I don't want to be this way anymore!!!!
As a little girl i went through so much hurt and drama. And it turned me into this fragile person. Always getting hurt and taken advantage of and not doing anything about it. Before i wouldnt care about anything. And when i say anything i literally mean it. The only consolation i would get, was from writting in journal and letting all my feelings out. I never really liked talking about my problems growing up. I kept everything inside.
Now that im 20 years old going on to 21 things are almost the same. In some way im still afraid to stand up for myself. It's not that i don't want to, but something inside me won't let me. I get so mad at myself for this. I try not to blame my past life or my life as a child. I don't want to be blaming anyone. This is my life and i should be the one taking responsibility for my own actions.

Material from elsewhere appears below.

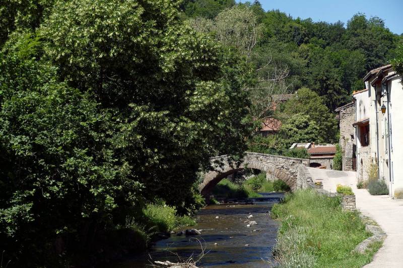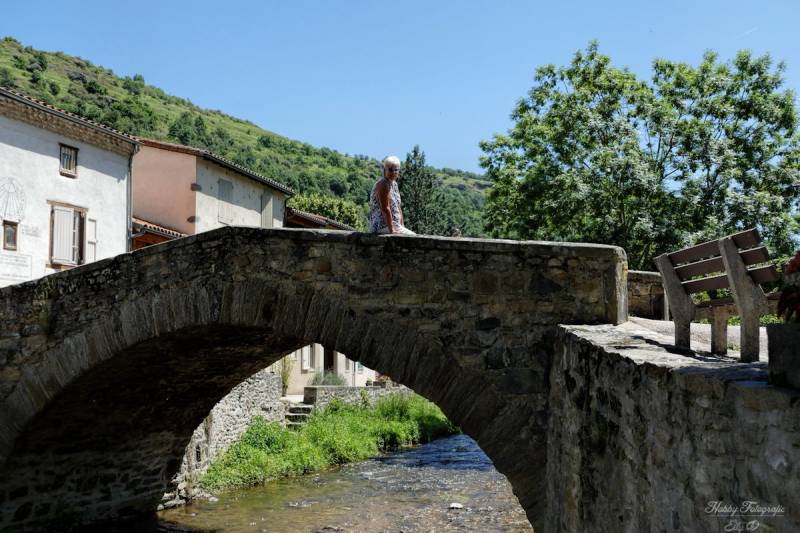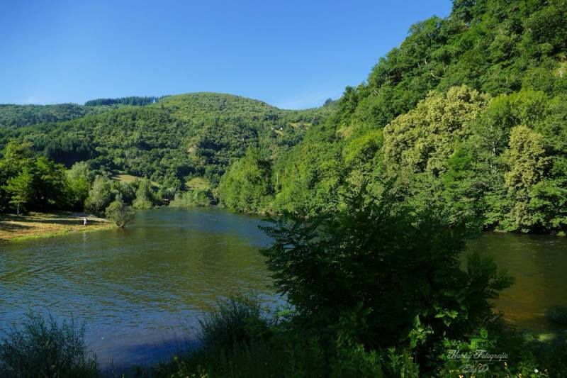 Vlak voor Lempdes sur Allignon zien we een bordje links af Beau village Blesle....we wilden er al een keer heen ,laten we het maar gelijk doen en zogezegd zo gedaan, Er is een camperplaats,sta je gratis aan de rivier, en we konden de camper fijn in de schaduw neerzetten. Floor heeft geen zin meer in wandelen met warmte door oude dorpen .Dakluiken open en schaduw dan blijft het voor haar ook koel

But lately i feel so bad and ashamed for being this way. I want to take control of my life and sometimes i just don't know how. I don't want to be this poor girl who everyone is gonna feel sorry for because of the things i've been through. But the truth is that, I am a strong person and can live life just fine. But trying to find a way to actually living it right is the difficult part. I'm not sure where to start with myself or my life.......
Can my attitude towards life be changed or even helped?? ( i know it can) LOL but how??
I'm getting sick of myself!! I need to be different and not be this sad person!!!